Но это самое обнаружило только глубокое различие, существующее между политическим направлением предводителей, более или менее ученых и буржуазных, этой партии и собственным революционным инстинктом германского или по крайней мере австрийского пролетариата. Правда, в Германии и в Австрии этот народный инстинкт, подавляемый и беспрестанно отклоняемый от своей настоящей цели пропагандою партии более политической, чем революционно-социальной, с 1868 года мало развился вперед и не мог перейти в сознание народное; за то в странах латинского племени: в Бельгии, в Испании, в Италии и особенно во Франции, свободный от этого гнета и от этого систематического развращения, он развился широко, на полной свободе и обратился действительно в революционное сознание городового и фабричного пролетариата[16].
Как мы заметили выше, это сознание универсального характера социальной революции и солидарности пролетариата всех стран, так мало еще существующее между рабочими Англии, уже давно образовалось в среде французского пролетариата. Он знал уже в девятидесятых годах, что борясь за свое равенство и за свою свободу, он освобождает все человечество.

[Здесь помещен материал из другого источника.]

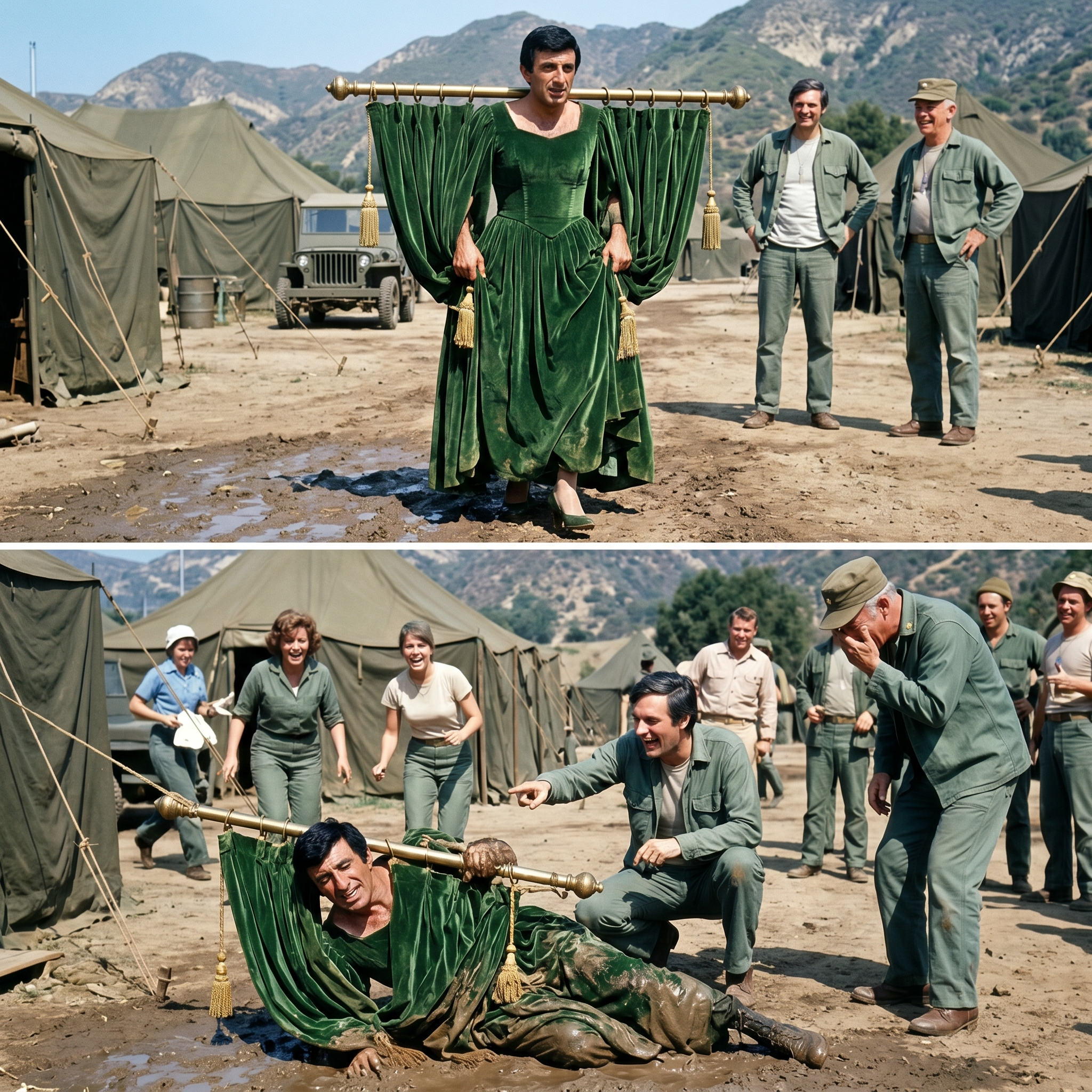 This particular day, we were doing a scene for an episode where Klinger really went all out. I’m talking about the famous tribute to Carol Burnett’s tribute to Gone with the Wind. The wardrobe department had outdone themselves. They built this massive, heavy, green velvet gown made entirely out of what looked like living room curtains, complete with the actual brass curtain rod still across the shoulders.

Эти великие слова употребляемые ныне нередко как фразы, но тогда искренно и глубоко прочувствованные — свобода, равенство и братство всего человеческого рода — встречаются во всех революционных песнях того времени. Они легли в основание новой социальной веры и социально-революционной страсти французских работников, стали, так сказать, их природою и определили, даже помимо их сознавания и воли, направление их мыслей, их стремлений и их предприятий. Всякий французский работник, когда делает революцию, вполне убежден, что делает ее не только для себя, но для целого мира, и несравненно больше для мира, чем для себя. Напрасно политические позитивисты и радикалы-республиканцы, в роде г. Гамбетты, старались и стараются отклонить французский пролетариат от этого космополитического направления и уверить его, что он должен подумать об устройстве своих собственных, исключительно национальных дел, связанных с патриотическою идеею величия, славы и политического преобладания французского государства, обеспечить в нем свою собственную свободу и свое собственное благосостояние, прежде чем мечтать об освобождении всего человечества, целого мира. Усилия их, повидимому, весьма благоразумны, но тщетны — природы не переделаешь, а эта мечта стала природою французского пролетариата, и она выгнала из его воображения и сердца последние остатки государственного патриотизма.

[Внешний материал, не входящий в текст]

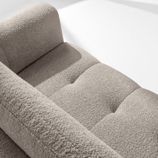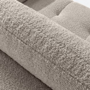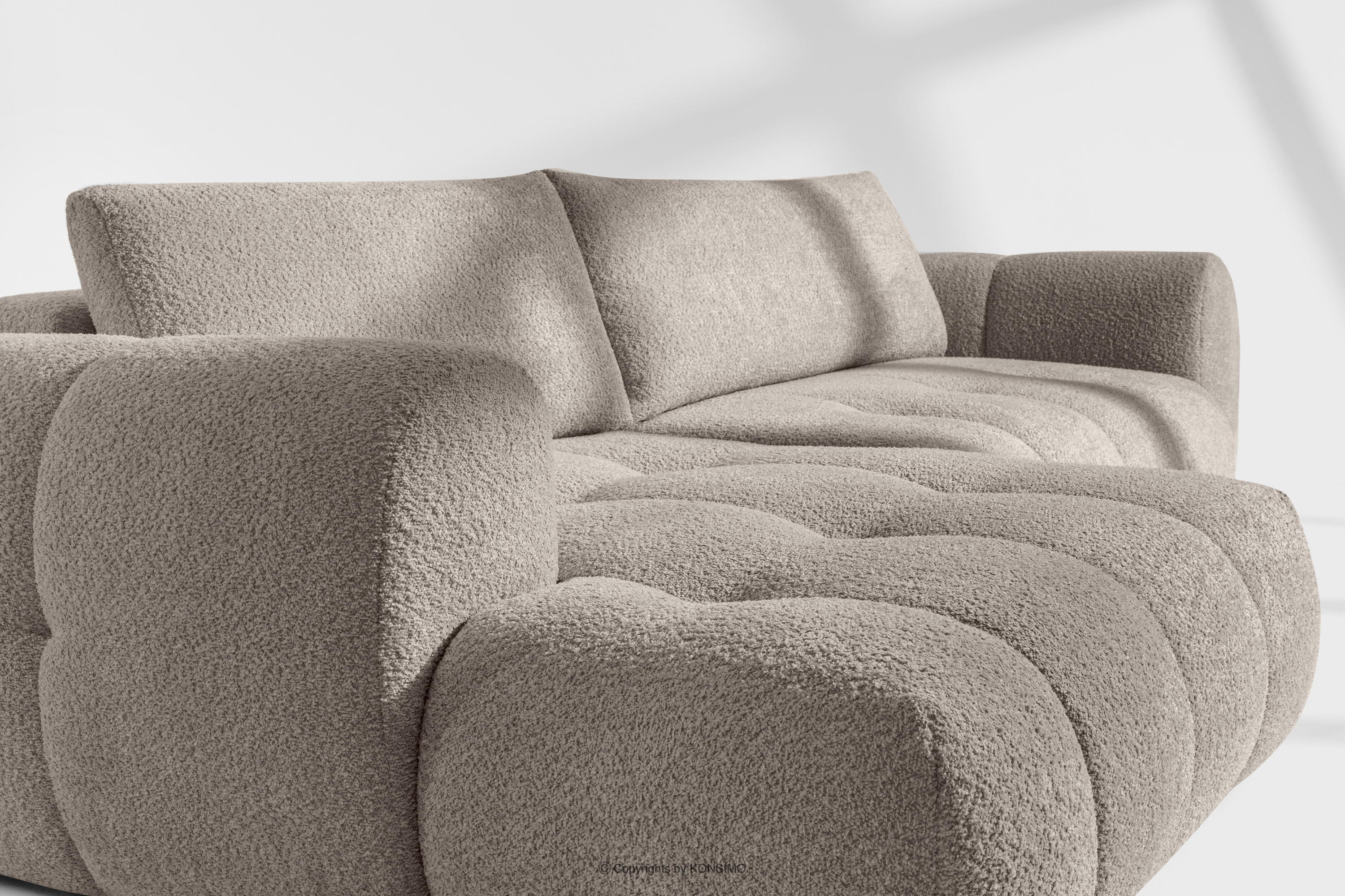 Ecksofa rechts und Sitzhocker in Bouclé-Stoff grau verleiht dem Interieur einen Hauch von Luxus und Gemütlichkeit. Die einzigartige Struktur des Stoffes schafft subtile Muster, die wunderschön mit dem natürlichen Licht harmonieren und dem Möbelstück Tiefe und Charakter verleihen. Das mit luxuriösem Bouclé-Stoff bezogene Sofa besticht durch seine Weichheit und seine angenehme Haptik.

Происшествия 1870 — 71 годов доказали это вполне. Да, во всех городах Франции пролетариат требовал поголовного вооружения и ополчения против немцев; и нет сомнения, что он осуществил бы это намерение, если бы не парализовал его с одной стороны подлый страх и повсеместная измена большинства буржуазного класса, предпочитавшего тысячу раз покориться пруссакам, чем дать оружие в руки пролетариата; а с другой стороны, систематически реакционное противодействие «правительства народной защиты» в Париже и в провинции, оппозиция столь же противонародного диктатора, патриота Гамбетты.

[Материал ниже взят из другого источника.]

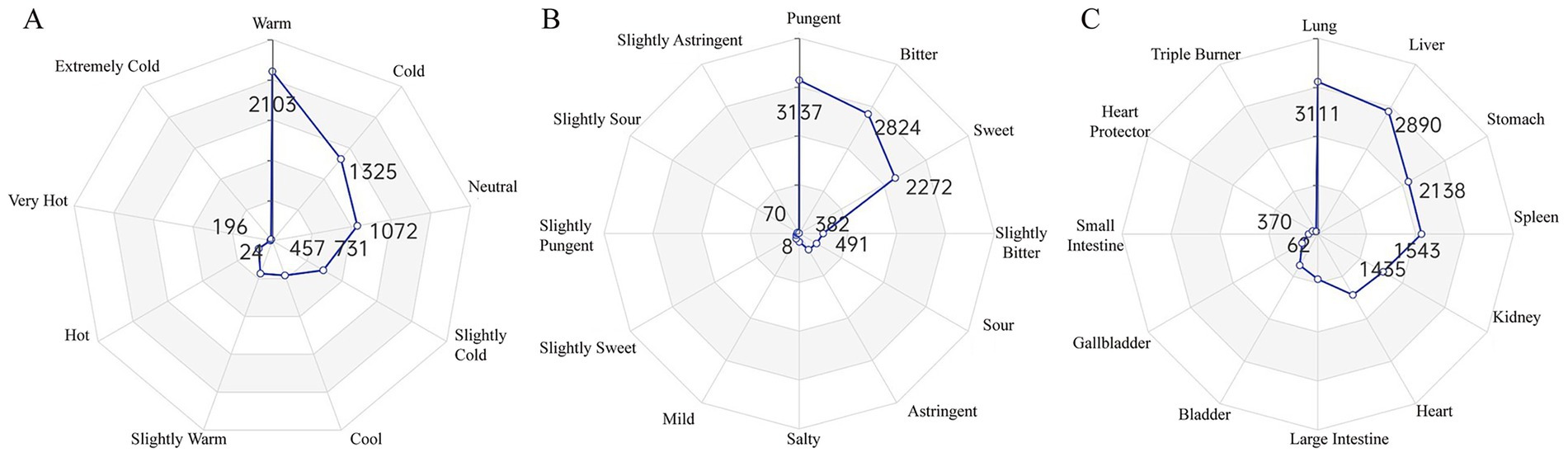 Figure 3. Analysis of herbal properties based on traditional chinese medicine theory. These radar charts quantify the TCM properties of the identified herbs. (A) Distribution of the Four Natures, showing a predominance of Warm and Cold properties. (B) Distribution of the Five Flavors, with Pungent, Bitter, and Sweet being the most common. (C) Distribution of Meridian Tropism, indicating that the herbs primarily act on the Lung, Liver, and Stomach meridians. The numbers on the axes represent the frequency of occurrence for each property.

Но вооружаясь, насколько при таких обстоятельствах это было возможно, против немецких завоевателей, французские работники были твердо убеждены, что будут бороться столько-же за свободу и права немецкого пролетария, сколько и за свои собственные. Они заботились не о величии и чести французского государства, а о победе пролетариата над ненавистною военною силою, служащею против них в руках буржуазии орудием порабощения. Они ненавидели немецкие войска не потому, что они немецкие, а потому что они войска. Войска, употребленные г. Тьером против Парижской Коммуны, были чисто французские; однако они, совершили в несколько дней более злодеяний и преступлений, чем немецкие войска, во все время войны. Для пролетариата отныне всякое войско, свое или чужое, равно враждебно, и французские работники это знают; поэтому их ополчение отнюдь не было ополчением патриотическим.
Восстание Парижской Коммуны против версальского народного собрания и против спасителя отечества — Тьера, совершенное парижскими работниками в виду немецких войск, еще окружавших Париж, обнаруживает и объясняет вполне ту единственную страсть, которая ныне двигает французский пролетариат, для которого отныне, нет и не может быть другого дела, другой цели и другой войны, кроме революционно-социальных.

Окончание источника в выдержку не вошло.